Situado a 90 kilómetros al sur de Lataquia (Siria), Tartus es el segundo puerto sirio más importante de la costa mediterránea. Hoy en día, Tartus es una pequeña ciudad que muy pocos turistas vienen a visitar. Es aquí donde se funden algunas de las casas de tiempos de las cruzadas con los edificios modernos.

Tartus es su largo paseo marítimo, donde en verano se localizan gran cantidad de puestos que venden innumerables artículos de playa ya las características figuras hechas de conchas y caracoles marinos. Lamentablemente, las playas de Tartus serían bonitas si no estuvieran llenas de basura, por lo que apenas es posible bañarse.

Comenzamos la visita con la Catedral de Tartus, cerca de la ciudad antigua. Su fachada es austera, pero el interir es completamente diferente y merece una visita. Destacan la nave central, las bóvedas de cañón y  la capilla de la Virgen.

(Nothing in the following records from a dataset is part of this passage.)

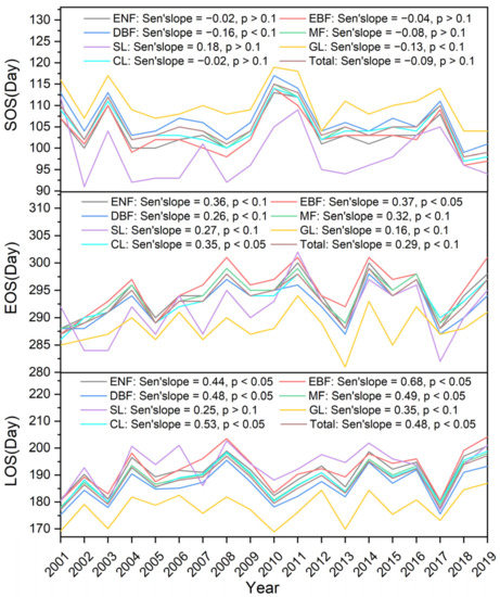 Then, we used the Mann-Kendall (MK) method to test the significance of time series trends, which is a nonparametric statistical test and is robust to outliers [37]. We used the normal cumulative distribution function to determine the p-value of the MK test statistic with a significant confidence level of p < 0.1. In this study, we used Sen’s slope and MK test to trend analysis and significance test the spatial distribution (average growth) and interannual variation (interannual growth) of LSP for different vegetation types from 2001 to 2019, all using MATLAB 2017a were completed.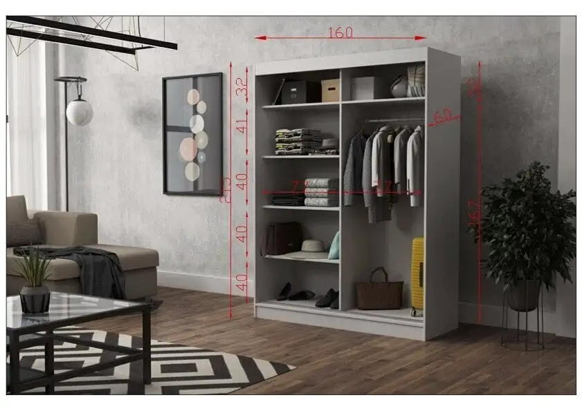 • Kaapin mitat leveys 160 cm, syvyys 60 cm, korkeus 215 cm;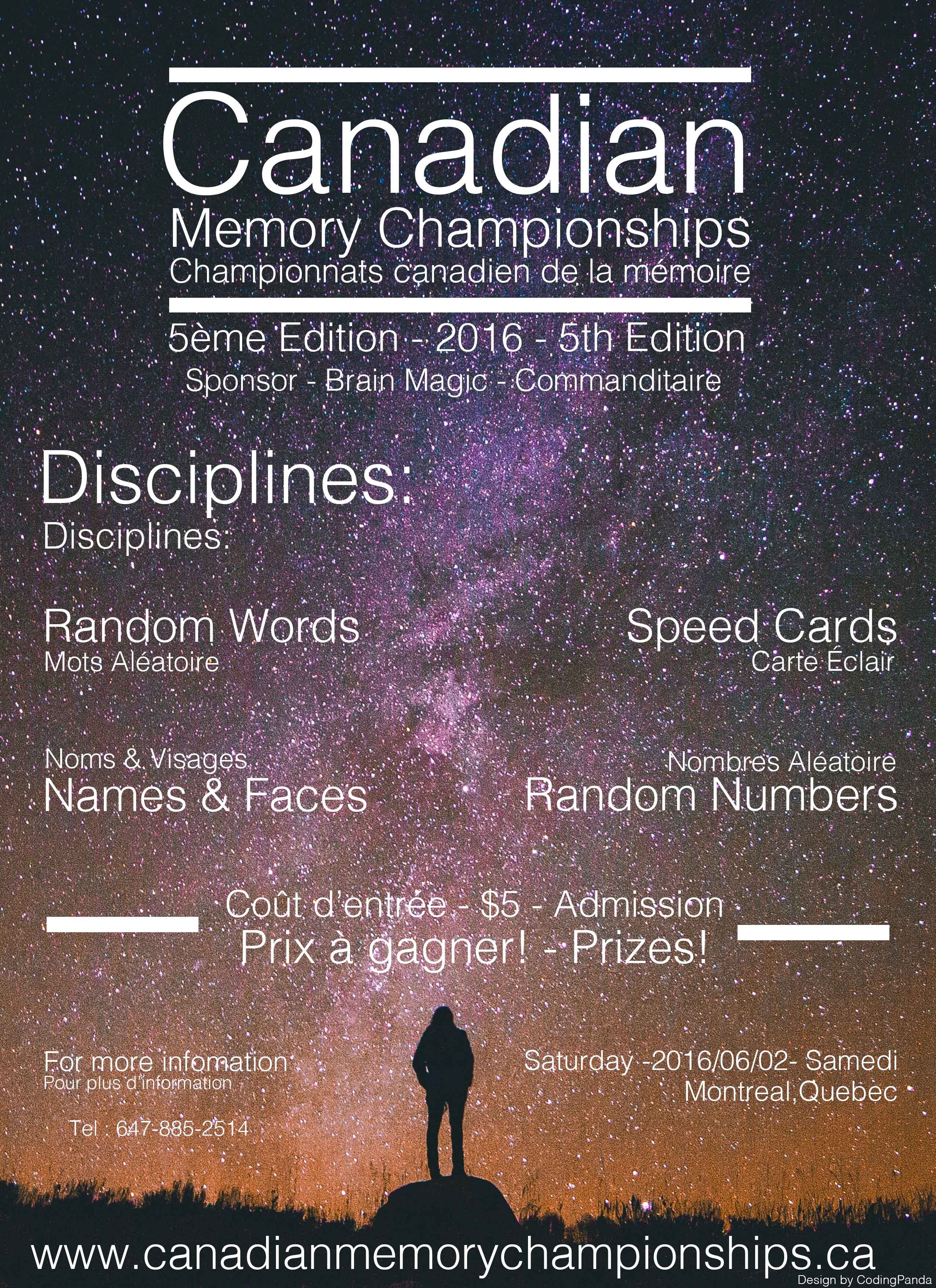 Après que j'ai participé au championnat de mémoire du Canada, je me suis impliqué dans l’événement. Le championnat de mémoire est l’opportunité aux athlètes de mémoire de confronter leur capacité de mémoriser des paquets de cartes, des noms, des mots aléatoires ou encore des nombres aléatoires.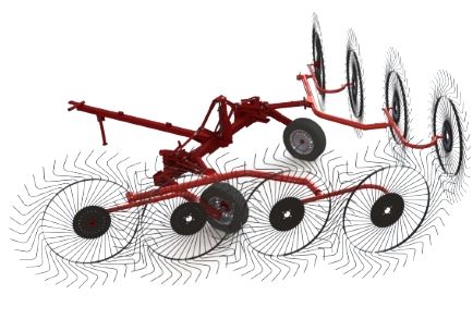 Грабли агрегатируются с тракторами тягового класса 6-14 кН, оборудованы гидравлическим механизмом перевода машины из рабочего положения в транспортное и наоборот. Привод рабочих органов (рабочих колѐс) осуществляется за счѐт сцепления их с почвой.

En la misma catedral se ha instalado un museo que recoge gran cantidad de piezas arqueológicas halladas en la propia Tartus  o en la zona costera siria. Sobresalen objetos de Ugarit, Amrit, porcelanas y cristalerías del período islámico, así como un fresco encontrado en la capilla del Krak de los Caballeros.

Luego, visitaremos la Ciudad Antigua. Los restos, a veces intactos, de sus callejuelas nos hacen retroceder a la época de las Cruzadas. Todo este pequeño mundo fantástico, se ve mezclado con el ajetreo del pueblo árabe moderno.

Además, hay que visitar la isla de Arward que se encuentra a tres kilómetros de Tartus y es la única isla del país. No llega a un kilómetro de longitu por medio de ancho. Lástima que esté demasiado sucia, es un gran fallo. En un tiempo, la isla estuvo rodeada por murallas, de las que solmanete quedan unos restos. También subsisten dos pequeñas fortalezas, que datan del siglo XIII; en una de éstas se puede ver un pequeño museo. Por lo demás, la isla presenta interés por sus estrechas y ensoladas callejuelas.